As parents we often do little things each day to show our children our love. We pick up after them. We make their favorite meal. We offer spontaneous hugs. We carpool. We share a story and snack after school. We pick up after them again.
Some days we have to love BIG…to show up for our kids on their turf…doing their thing, not ours
–dressing up with them for a special school event (hoping you don’t have to make any extra stops along the way because you feel a little silly being the only cowgirl at the grocery store)
–being a parent volunteer for the zoo field trip on a rainy day and receiving some high-energy kiddos in your small group because the teacher “knows you can handle it”
–getting into the passenger seat that first time your oldest gets his permit, thinking of how those hands were the little ones you held each day not so very long ago, guiding him across the street
–going on a family “date” with your son’s new girlfriend, navigating the awkwardness-all-round as graciously as possible
–trying to be a good sport when you’re picked out of the crowd at the annual scout banquet by the guest speaker who proceeds to blindfold you and have you put your hand in a box. When the crowd screams wildly, you peek to see that your hand is IN a box of ROACHES! Not kidding. Let’s just say that the “friendly Bug Lady” is NOT on my Christmas card list.
Yeah, some moments we LOVE BIG. We take risks and wade through tricky situations, knowing that these are all moments our children are tucking into their hearts to treasure now and later. They may laugh at us, but inside they are thrilled that we loved them BIG enough to set aside our own insecurities for their special moment.
“There is no fear in love.” I John 4:18
Dare to LOVE BIG.
As a mom to all boys, I’m used to Love Bumps…squeezes, shoulder taps, pokes, and more recently lifts over their shoulders as they have grown in stature. Boys show affectionate in all kind of bumpy ways. I’ve developed some good reflexes and tolerance for these unique gestures of affection.
This week I noticed I have some physical “evidence” of Love Bumps from my head to my feet. Literally.
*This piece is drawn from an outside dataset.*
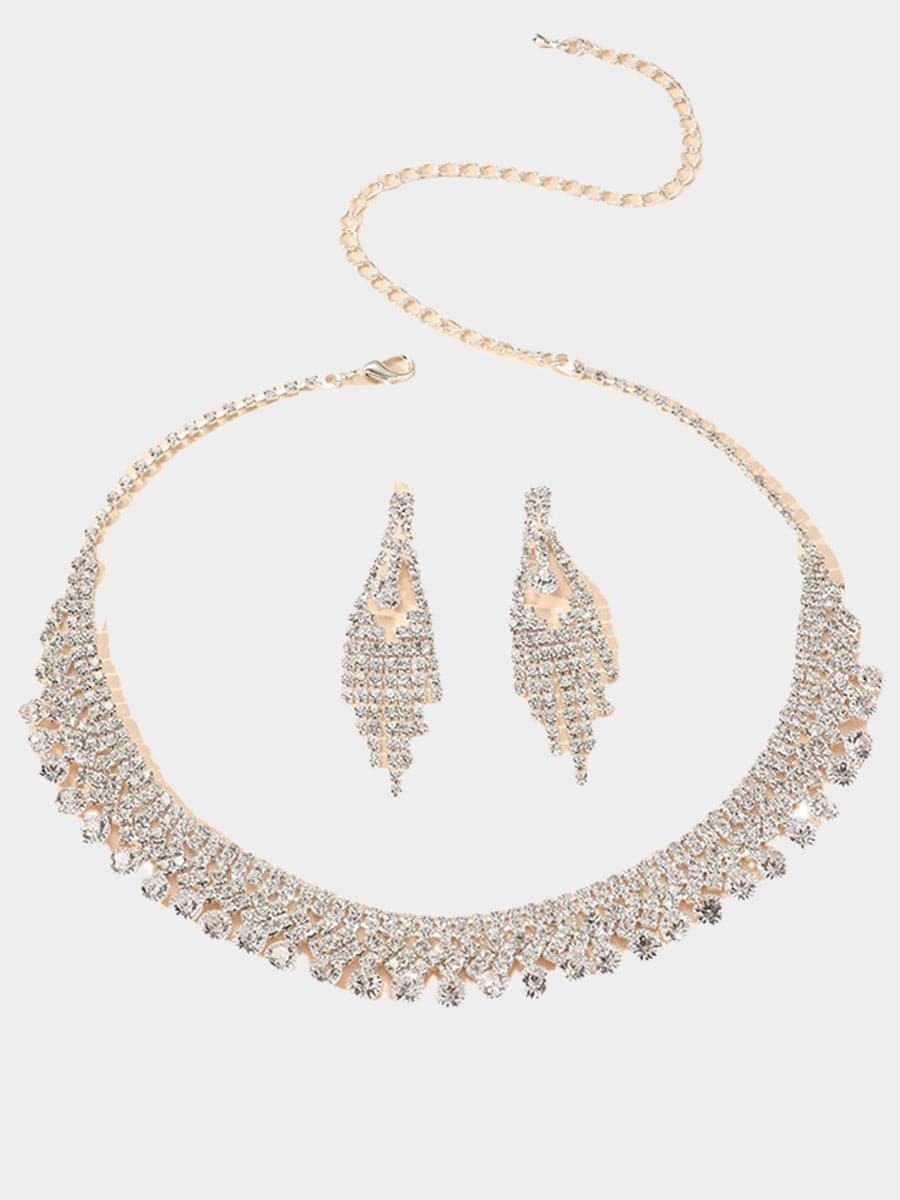 Fashion Rhinestone Necklace Earrings Set MSE033126

I helped my mom move and got a busted lip from a floor lamp landing on my face. Ouch! I’ve been sporting a bruised and scratched lip all week, but really it’s just another type of Love Bump received by helping out a loved one.
I’ve got a few Love Bumps and Scratches from doing various household chores for my family, loving them through dishwashing, meal preparation and putting away endless groceries that come in nefarious packages that leave multiple paper cuts when you finally succeed in opening them.
A couple of purplish bruises on my shins are fading from some recent mother-son basketball shootouts that got a little rambunctious.
I stepped out of the shower this morning and found a greenish bruise on my foot — another Love Bump, which I figured out was from a heavy lid my hubby dropped and bounced off my foot last night when he was unloading the dishwasher for me, a colorful echo of him showing love through action.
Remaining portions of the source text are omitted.